◆ Work instructions
Retrieve each line that contains the word "used" from the entries below.

◆ Records to use
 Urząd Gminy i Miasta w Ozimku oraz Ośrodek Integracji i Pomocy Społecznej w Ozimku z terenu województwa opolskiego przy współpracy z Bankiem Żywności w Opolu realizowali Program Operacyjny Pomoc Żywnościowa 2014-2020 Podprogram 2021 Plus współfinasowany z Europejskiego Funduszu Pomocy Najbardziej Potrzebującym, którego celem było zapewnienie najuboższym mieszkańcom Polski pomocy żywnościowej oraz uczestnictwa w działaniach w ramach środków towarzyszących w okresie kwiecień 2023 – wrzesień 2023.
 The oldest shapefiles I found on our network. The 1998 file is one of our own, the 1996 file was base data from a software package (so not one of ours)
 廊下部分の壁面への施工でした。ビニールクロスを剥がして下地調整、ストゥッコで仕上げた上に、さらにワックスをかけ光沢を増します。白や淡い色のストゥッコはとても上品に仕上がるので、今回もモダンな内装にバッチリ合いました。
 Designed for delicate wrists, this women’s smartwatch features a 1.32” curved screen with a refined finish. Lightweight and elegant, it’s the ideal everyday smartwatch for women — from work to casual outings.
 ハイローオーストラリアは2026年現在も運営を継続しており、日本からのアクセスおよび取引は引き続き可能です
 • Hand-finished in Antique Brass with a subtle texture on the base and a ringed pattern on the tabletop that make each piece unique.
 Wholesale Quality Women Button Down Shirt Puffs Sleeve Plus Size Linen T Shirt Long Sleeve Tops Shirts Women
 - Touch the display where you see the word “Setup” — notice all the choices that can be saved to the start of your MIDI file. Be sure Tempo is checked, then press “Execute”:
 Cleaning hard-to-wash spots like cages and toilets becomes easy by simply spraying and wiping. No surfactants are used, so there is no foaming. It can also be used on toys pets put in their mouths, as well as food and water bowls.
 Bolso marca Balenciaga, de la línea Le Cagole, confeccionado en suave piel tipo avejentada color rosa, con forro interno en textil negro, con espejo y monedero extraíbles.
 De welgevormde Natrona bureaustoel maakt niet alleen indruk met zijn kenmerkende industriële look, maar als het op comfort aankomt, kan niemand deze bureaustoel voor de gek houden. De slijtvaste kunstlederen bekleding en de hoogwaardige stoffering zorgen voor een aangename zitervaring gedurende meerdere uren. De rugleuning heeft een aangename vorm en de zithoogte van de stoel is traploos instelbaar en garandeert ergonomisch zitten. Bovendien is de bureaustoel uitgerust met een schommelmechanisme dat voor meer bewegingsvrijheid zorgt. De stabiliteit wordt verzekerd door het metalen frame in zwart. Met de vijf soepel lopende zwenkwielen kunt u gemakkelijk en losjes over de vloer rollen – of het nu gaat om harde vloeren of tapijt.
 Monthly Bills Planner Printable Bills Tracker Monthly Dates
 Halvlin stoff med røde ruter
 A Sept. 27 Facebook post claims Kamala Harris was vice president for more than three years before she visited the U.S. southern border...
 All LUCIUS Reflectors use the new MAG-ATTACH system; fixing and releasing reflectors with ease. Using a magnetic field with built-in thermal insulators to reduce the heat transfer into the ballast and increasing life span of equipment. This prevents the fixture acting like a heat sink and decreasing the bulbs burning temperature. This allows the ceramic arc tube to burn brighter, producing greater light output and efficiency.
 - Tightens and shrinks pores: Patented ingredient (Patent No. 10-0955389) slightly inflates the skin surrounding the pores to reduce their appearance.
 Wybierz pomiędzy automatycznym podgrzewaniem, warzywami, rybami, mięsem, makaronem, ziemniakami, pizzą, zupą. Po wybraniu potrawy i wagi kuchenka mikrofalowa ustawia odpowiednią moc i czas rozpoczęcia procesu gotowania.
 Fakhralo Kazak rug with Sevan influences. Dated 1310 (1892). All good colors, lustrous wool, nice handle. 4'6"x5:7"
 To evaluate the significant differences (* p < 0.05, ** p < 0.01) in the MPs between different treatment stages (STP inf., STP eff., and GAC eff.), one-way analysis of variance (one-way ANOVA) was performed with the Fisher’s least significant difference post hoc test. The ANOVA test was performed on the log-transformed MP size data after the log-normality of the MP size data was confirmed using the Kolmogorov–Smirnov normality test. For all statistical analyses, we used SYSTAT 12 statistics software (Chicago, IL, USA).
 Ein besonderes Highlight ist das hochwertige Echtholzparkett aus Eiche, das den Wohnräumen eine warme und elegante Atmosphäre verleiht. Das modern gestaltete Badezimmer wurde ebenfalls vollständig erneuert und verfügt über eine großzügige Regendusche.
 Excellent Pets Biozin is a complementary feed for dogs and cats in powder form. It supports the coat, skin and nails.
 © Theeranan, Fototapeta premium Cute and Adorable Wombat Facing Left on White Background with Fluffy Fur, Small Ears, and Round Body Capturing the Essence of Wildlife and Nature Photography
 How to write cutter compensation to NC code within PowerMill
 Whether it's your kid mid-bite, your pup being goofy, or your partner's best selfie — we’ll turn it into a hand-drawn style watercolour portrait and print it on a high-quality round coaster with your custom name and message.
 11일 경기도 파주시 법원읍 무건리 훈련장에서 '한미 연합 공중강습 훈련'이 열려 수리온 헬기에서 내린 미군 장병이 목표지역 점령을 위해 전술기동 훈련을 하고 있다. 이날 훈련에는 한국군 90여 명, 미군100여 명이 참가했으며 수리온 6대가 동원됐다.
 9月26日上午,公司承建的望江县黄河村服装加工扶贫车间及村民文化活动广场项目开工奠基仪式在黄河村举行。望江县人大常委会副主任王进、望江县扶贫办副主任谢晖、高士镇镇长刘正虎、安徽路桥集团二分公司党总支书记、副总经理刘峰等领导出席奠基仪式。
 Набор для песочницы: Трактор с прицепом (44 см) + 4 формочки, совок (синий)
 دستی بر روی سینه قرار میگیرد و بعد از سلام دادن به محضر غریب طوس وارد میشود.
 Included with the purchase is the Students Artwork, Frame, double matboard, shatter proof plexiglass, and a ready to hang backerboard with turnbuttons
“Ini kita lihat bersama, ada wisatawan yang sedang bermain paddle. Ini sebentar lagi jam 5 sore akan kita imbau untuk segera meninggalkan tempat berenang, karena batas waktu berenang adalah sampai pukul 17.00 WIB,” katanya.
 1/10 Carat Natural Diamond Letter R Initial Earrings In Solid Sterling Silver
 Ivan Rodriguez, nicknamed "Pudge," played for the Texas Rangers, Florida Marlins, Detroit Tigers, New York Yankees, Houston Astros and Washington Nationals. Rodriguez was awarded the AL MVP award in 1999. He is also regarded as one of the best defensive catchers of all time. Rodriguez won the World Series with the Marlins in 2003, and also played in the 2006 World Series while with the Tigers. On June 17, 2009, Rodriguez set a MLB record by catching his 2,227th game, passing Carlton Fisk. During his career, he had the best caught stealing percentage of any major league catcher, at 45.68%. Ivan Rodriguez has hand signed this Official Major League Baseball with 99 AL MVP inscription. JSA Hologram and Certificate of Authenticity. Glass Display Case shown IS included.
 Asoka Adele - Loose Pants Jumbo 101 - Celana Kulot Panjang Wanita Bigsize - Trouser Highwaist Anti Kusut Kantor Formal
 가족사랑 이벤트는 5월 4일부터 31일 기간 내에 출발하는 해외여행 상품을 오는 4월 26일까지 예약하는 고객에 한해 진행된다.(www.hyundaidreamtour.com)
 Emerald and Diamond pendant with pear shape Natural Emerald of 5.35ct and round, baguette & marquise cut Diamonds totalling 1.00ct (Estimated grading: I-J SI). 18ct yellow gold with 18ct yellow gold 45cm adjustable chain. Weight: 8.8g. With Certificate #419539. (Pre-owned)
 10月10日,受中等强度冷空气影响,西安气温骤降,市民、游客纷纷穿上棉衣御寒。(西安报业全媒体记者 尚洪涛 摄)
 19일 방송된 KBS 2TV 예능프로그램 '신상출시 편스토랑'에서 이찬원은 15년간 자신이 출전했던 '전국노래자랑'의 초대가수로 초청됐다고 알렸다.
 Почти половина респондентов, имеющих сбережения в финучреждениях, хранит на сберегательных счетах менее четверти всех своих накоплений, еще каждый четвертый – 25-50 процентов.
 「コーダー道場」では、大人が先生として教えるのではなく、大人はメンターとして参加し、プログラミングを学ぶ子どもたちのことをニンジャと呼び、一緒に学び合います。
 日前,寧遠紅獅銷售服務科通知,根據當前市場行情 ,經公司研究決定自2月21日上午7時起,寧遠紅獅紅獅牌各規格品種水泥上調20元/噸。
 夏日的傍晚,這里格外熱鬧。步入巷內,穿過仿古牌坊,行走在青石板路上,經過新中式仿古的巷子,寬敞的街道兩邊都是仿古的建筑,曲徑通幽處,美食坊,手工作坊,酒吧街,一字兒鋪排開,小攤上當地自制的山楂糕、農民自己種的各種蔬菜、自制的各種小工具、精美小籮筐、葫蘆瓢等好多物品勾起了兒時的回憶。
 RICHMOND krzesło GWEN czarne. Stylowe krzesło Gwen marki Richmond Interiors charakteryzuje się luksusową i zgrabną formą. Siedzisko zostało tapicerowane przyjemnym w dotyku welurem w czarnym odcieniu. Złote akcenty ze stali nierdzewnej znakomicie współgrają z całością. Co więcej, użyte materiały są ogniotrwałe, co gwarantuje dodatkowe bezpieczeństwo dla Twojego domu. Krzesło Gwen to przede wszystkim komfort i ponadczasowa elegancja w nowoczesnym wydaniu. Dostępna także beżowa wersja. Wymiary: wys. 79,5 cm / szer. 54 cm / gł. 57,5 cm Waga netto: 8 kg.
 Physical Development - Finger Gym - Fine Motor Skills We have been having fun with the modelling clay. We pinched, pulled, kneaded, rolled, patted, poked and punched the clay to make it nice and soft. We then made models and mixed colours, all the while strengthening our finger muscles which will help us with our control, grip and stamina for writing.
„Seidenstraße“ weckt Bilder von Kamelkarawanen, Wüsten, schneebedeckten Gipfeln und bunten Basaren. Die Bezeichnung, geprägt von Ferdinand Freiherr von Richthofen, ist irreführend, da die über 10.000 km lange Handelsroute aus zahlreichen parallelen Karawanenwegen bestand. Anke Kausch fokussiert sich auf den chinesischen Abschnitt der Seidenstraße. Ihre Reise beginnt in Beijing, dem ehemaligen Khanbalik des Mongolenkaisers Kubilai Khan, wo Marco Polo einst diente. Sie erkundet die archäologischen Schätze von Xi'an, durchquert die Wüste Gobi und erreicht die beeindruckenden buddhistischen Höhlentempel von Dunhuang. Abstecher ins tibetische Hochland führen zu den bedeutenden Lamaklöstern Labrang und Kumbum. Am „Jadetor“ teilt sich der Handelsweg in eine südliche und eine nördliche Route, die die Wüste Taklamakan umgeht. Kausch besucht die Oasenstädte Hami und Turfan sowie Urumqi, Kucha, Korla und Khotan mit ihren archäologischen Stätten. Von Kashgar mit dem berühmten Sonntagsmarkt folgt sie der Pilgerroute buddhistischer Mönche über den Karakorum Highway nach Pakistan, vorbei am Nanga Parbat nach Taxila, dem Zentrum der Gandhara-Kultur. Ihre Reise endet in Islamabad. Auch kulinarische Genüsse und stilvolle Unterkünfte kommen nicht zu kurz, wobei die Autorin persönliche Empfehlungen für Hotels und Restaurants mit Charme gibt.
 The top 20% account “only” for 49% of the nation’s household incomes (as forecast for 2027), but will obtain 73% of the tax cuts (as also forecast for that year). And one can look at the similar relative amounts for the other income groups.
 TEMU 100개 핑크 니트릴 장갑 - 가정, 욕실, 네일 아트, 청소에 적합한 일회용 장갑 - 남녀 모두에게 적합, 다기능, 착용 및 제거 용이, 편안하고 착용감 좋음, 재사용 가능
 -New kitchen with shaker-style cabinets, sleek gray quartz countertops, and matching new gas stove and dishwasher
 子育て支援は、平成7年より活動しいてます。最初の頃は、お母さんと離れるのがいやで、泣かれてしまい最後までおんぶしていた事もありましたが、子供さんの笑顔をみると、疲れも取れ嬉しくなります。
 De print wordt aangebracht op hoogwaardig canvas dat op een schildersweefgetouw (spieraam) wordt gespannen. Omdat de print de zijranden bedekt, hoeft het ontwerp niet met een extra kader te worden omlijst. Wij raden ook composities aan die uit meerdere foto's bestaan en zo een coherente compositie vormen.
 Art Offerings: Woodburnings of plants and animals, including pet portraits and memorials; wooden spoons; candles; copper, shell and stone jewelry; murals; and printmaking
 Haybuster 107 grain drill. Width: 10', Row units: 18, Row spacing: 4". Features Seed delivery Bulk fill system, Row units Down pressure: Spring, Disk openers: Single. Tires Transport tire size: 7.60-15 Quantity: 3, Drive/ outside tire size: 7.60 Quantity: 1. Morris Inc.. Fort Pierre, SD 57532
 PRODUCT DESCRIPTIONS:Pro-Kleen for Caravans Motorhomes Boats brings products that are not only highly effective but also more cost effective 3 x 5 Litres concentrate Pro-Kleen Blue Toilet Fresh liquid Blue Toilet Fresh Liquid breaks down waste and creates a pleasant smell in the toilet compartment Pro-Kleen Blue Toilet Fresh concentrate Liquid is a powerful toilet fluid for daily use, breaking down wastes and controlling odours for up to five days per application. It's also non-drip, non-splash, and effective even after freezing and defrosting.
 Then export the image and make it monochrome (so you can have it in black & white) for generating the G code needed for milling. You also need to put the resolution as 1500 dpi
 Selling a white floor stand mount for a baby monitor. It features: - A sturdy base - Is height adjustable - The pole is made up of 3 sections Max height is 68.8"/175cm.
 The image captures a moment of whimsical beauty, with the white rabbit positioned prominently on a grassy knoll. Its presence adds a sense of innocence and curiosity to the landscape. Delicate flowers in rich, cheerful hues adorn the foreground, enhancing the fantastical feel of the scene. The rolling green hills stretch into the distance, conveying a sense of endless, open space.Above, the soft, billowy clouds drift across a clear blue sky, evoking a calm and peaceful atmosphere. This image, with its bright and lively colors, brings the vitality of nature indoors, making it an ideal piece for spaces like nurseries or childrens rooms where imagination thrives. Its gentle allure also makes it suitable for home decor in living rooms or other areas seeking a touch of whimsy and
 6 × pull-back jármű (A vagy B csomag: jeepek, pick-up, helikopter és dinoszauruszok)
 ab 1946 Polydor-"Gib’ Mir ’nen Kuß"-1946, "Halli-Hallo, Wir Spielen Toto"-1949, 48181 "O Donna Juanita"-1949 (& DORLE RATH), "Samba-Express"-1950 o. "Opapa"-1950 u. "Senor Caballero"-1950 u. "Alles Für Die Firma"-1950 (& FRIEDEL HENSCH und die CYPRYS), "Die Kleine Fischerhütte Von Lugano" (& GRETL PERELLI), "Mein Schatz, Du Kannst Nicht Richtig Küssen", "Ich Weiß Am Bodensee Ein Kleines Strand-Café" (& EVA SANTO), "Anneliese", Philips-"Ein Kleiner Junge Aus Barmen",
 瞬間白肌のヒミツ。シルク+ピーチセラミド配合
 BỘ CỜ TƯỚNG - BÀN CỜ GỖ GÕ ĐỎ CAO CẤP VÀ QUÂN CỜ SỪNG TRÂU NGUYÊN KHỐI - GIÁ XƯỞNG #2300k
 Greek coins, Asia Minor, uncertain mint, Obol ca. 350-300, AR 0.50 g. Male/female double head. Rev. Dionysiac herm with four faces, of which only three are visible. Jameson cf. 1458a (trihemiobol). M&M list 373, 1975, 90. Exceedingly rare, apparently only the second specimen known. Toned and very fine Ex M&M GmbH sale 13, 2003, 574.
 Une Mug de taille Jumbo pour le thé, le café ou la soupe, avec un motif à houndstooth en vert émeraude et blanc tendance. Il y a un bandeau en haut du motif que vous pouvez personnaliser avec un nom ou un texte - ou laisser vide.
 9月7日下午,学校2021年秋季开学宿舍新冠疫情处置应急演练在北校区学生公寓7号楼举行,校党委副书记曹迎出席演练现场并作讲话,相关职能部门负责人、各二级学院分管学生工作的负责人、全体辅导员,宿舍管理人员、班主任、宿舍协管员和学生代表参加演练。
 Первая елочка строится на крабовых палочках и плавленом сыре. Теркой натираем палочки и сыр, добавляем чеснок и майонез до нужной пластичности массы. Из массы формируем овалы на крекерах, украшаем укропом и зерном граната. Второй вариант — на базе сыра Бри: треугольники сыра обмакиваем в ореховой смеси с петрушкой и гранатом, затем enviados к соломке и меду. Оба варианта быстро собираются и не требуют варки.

◆ Task answer
 Cleaning hard-to-wash spots like cages and toilets becomes easy by simply spraying and wiping. No surfactants are used, so there is no foaming. It can also be used on toys pets put in their mouths, as well as food and water bowls.
 To evaluate the significant differences (* p < 0.05, ** p < 0.01) in the MPs between different treatment stages (STP inf., STP eff., and GAC eff.), one-way analysis of variance (one-way ANOVA) was performed with the Fisher’s least significant difference post hoc test. The ANOVA test was performed on the log-transformed MP size data after the log-normality of the MP size data was confirmed using the Kolmogorov–Smirnov normality test. For all statistical analyses, we used SYSTAT 12 statistics software (Chicago, IL, USA).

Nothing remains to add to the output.